TO DO
Transcribe nothing except the lines below that run from the one with "FLAT OF SHOP LIGHTS AND EXTENSION CORDS" to the one with "Basic Life Support Certification Resume", ends included, and do not copy any picture.

TASK INPUTS
====
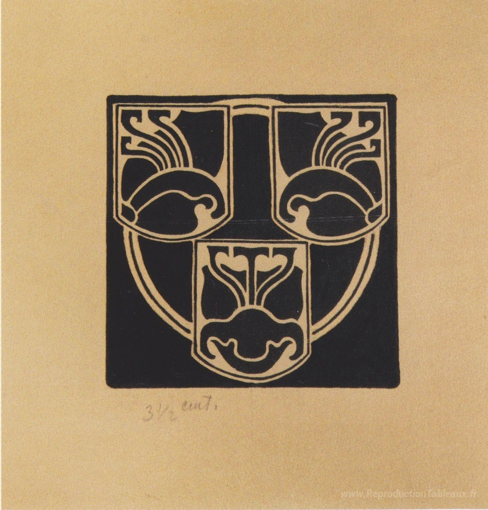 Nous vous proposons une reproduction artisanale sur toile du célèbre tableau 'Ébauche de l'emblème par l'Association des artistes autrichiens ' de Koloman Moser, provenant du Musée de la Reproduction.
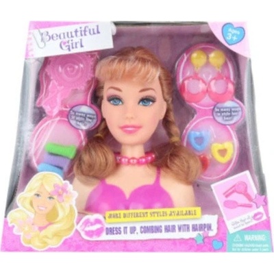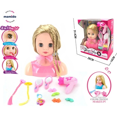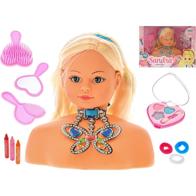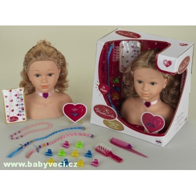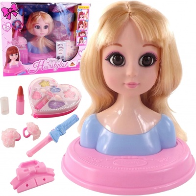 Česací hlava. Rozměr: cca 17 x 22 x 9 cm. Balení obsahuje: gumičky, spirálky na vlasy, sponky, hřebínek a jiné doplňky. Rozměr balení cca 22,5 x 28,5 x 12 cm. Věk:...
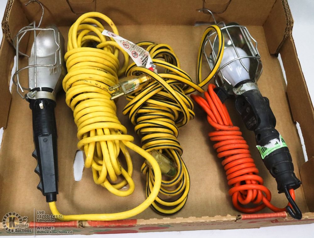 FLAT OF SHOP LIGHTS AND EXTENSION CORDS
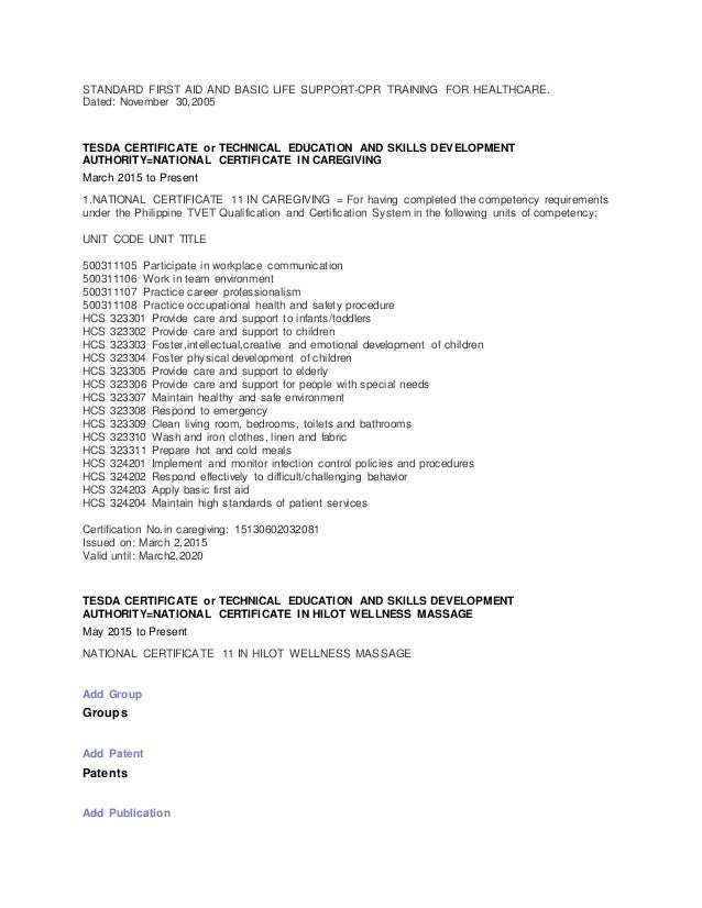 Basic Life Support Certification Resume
====
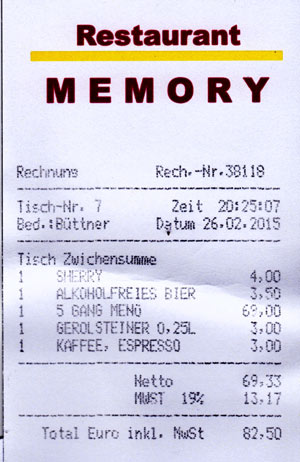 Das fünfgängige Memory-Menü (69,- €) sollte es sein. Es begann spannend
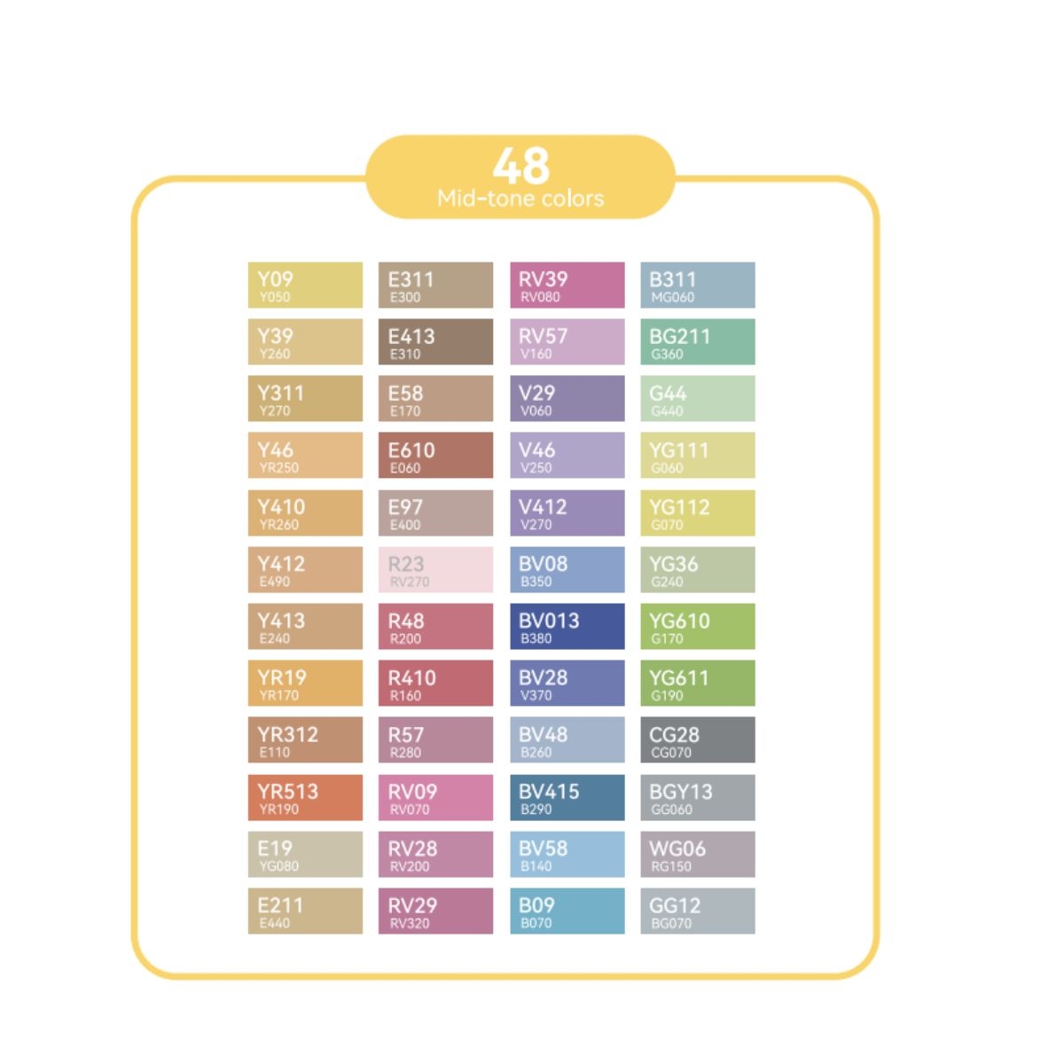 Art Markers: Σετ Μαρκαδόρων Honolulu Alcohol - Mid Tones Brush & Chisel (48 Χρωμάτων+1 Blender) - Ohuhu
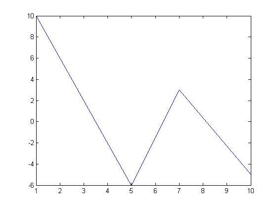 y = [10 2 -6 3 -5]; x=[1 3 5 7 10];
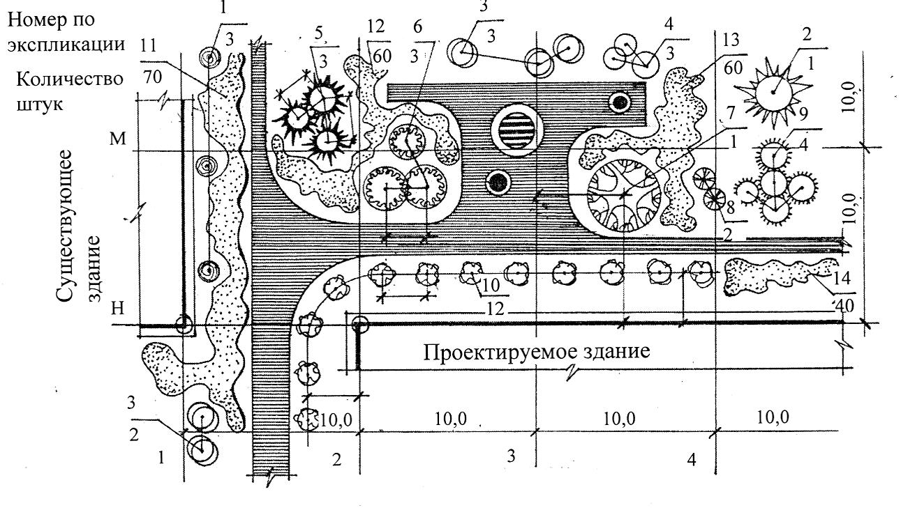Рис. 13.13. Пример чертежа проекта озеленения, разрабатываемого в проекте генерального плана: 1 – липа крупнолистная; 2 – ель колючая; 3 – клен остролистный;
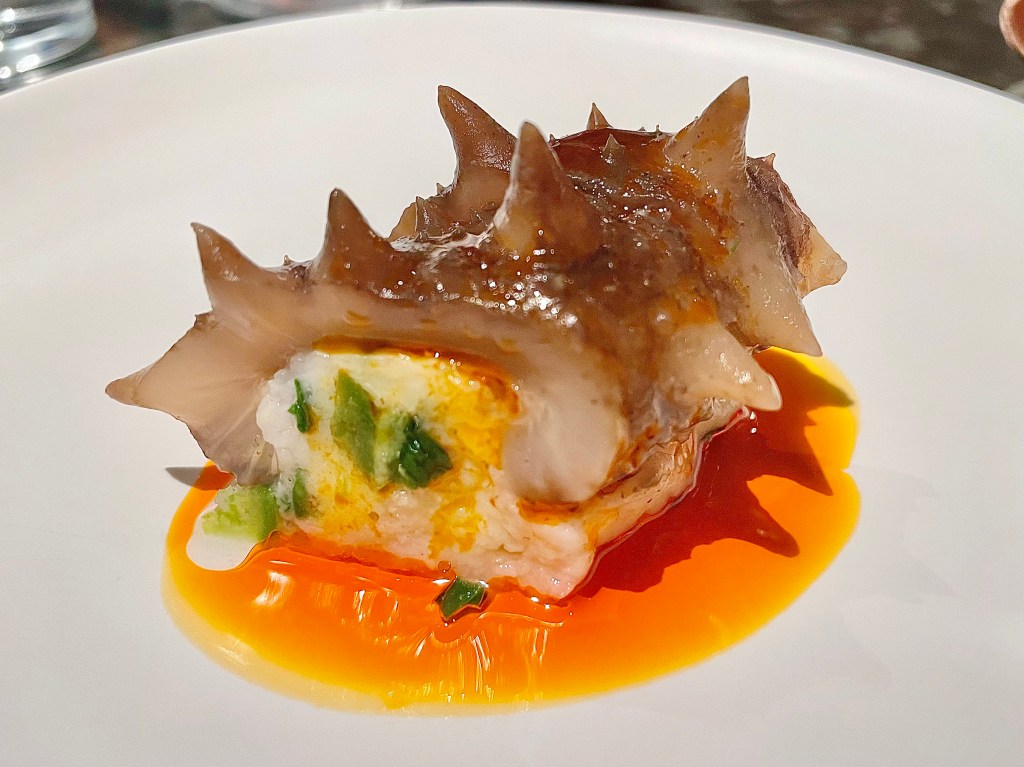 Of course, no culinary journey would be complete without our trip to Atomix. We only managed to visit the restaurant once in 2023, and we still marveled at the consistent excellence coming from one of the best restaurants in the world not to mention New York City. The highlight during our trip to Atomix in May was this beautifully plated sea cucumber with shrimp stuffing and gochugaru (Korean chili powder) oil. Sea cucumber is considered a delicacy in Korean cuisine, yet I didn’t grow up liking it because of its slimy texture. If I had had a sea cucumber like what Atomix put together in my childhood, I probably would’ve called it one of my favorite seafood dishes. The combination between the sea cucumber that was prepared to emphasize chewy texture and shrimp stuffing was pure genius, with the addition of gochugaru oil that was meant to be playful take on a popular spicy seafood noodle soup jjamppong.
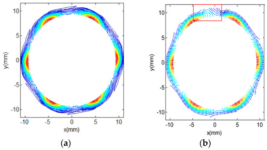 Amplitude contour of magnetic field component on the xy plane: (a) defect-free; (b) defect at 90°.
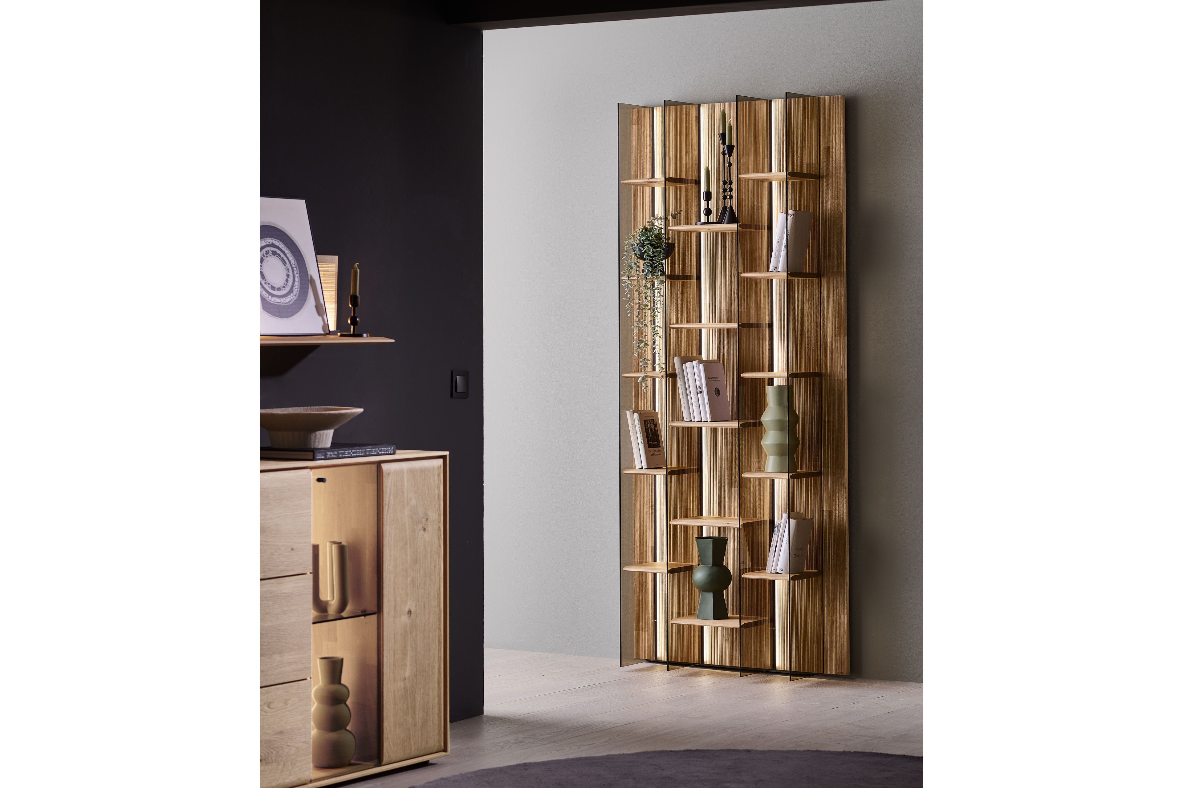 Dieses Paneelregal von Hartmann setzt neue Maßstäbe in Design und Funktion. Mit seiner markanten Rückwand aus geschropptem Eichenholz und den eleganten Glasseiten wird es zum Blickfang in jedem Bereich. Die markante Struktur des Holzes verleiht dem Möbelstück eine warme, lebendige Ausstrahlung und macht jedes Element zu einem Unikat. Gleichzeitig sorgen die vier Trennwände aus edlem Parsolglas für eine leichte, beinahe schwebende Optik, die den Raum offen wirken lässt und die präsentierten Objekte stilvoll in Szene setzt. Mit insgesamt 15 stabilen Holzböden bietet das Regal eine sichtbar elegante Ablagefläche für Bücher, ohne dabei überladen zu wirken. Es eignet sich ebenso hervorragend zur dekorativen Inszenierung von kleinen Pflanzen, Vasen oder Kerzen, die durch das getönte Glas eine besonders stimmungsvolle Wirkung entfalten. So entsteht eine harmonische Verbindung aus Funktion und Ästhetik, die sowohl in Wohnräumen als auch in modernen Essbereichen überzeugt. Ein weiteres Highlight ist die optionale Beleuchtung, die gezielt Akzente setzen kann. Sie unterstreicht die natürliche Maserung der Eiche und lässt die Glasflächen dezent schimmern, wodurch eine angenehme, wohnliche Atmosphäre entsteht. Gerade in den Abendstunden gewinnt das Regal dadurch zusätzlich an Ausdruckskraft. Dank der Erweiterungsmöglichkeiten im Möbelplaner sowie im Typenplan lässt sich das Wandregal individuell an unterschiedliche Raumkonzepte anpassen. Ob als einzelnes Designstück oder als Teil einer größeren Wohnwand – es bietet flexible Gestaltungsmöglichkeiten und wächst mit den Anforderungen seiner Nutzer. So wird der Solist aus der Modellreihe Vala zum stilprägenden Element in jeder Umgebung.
====
ANSWER
 FLAT OF SHOP LIGHTS AND EXTENSION CORDS
 Basic Life Support Certification Resume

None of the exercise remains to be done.